LAWS(PVC)-1930-2-16

BISMILLAH BEGAM Vs. TAHSIN ALI KHAN

Decided On February 06, 1930
BISMILLAH BEGAM Appellant
V/S
TAHSIN ALI KHAN Respondents

JUDGEMENT

(1.) This is a defendants appeal arising out of a suit for declaration that the property in suit is endowed property and is not liable to be attached and sold in execution of decrees held by the defendants. The plaintiff relies on a wakfnama executed by himself on 16 July 1924. The wakf is in favour of his descendants and he has constituted himself the mutawalli of the property for his lifetime. The defendants challenged the validity of this dedication and pleaded that the deed had been executed fraudulently with the intention of defeating and delaying his creditors and was not binding on the defendants. Objections had been raised by the plaintiff Tahsin Ali Khan in the execution department which were decided against him; hence this suit.

(2.) The learned Subordinate Judge in a very short judgment has found the validity of the wakfnama in favour of the plaintiff. He has based his conclusion entirely on the oral evidence and has altogether ignored the documentary evidence that is on the record. We were not satisfied with his finding that at the time when Tahsin Ali Khan executed the wakfnama his assets were more than sufficient to discharge all the liabilities. We accordingly remitted two issues the findings on which have now been returned. There is considerable history previous to the present litigation which the learned Subordinate Judge has altogether omitted to consider but which in order to have a good perspective it is necessary to bear in mind. The pedigree to the family is as follows: (For pedigree see p. 463.)

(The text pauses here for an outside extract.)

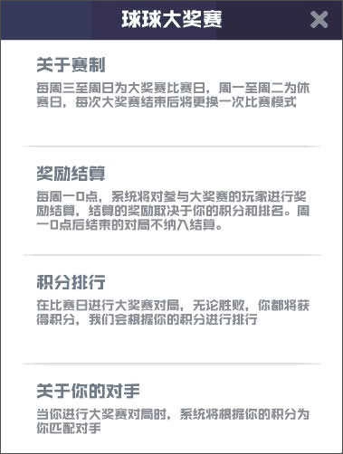 大奖赛以每周为一个周期开展赛事,每周三到周日是比赛日,周一和周二为休赛日。每届大奖赛结束后,都会更换一次比赛模式。球宝们参赛时请留意比赛时间以及当周的比赛模式,可别错过啦~

(3.) The plaintiff's father Maskoor Ali Khan died on 8 January 1904 leaving three sons and three daughters. Tahsin Ali Khan appears to have been the eldest son. On 14 March 1904 an agreement was executed by the three brothers jointly under which the management of the entire estate which was considerable was left with Tahsin Ali, and his two brothers were allowed Rs. 3,650 between them and were admittedly deprived of their power to transfer the property. This was followed by a lease for 60 years granted by the two brothers to Tahsin Ali on 15th January 1909. The position of Tahsin Ali, however, did not become absolutely secure. In 1912 his two brothers filed a suit for the cancellation of the lease and their suit was decreed on 28 January 1914. The judgment is printed on p. 17. The finding was that the two brothers were subject to attacks of epilepsy long before the execution of the disputed thekanama which fact was admitted by Tahsin Ali himself, and that their mental capacity had been considerably affected by illness. Although their share of the profits amounted to Rs. 20,000 a year they were only given Rs. 3,650. Not only was the lease to last for 60 years but it gave an unlimited power to Tahsin Ali to deduct a further sum for costs as he liked and to prevent an alienation by his brother. The Court found that the brothers were entirely under the control of the defendant who had dominated their will and procured an unconscionable bargain. The lease was accordingly set aside.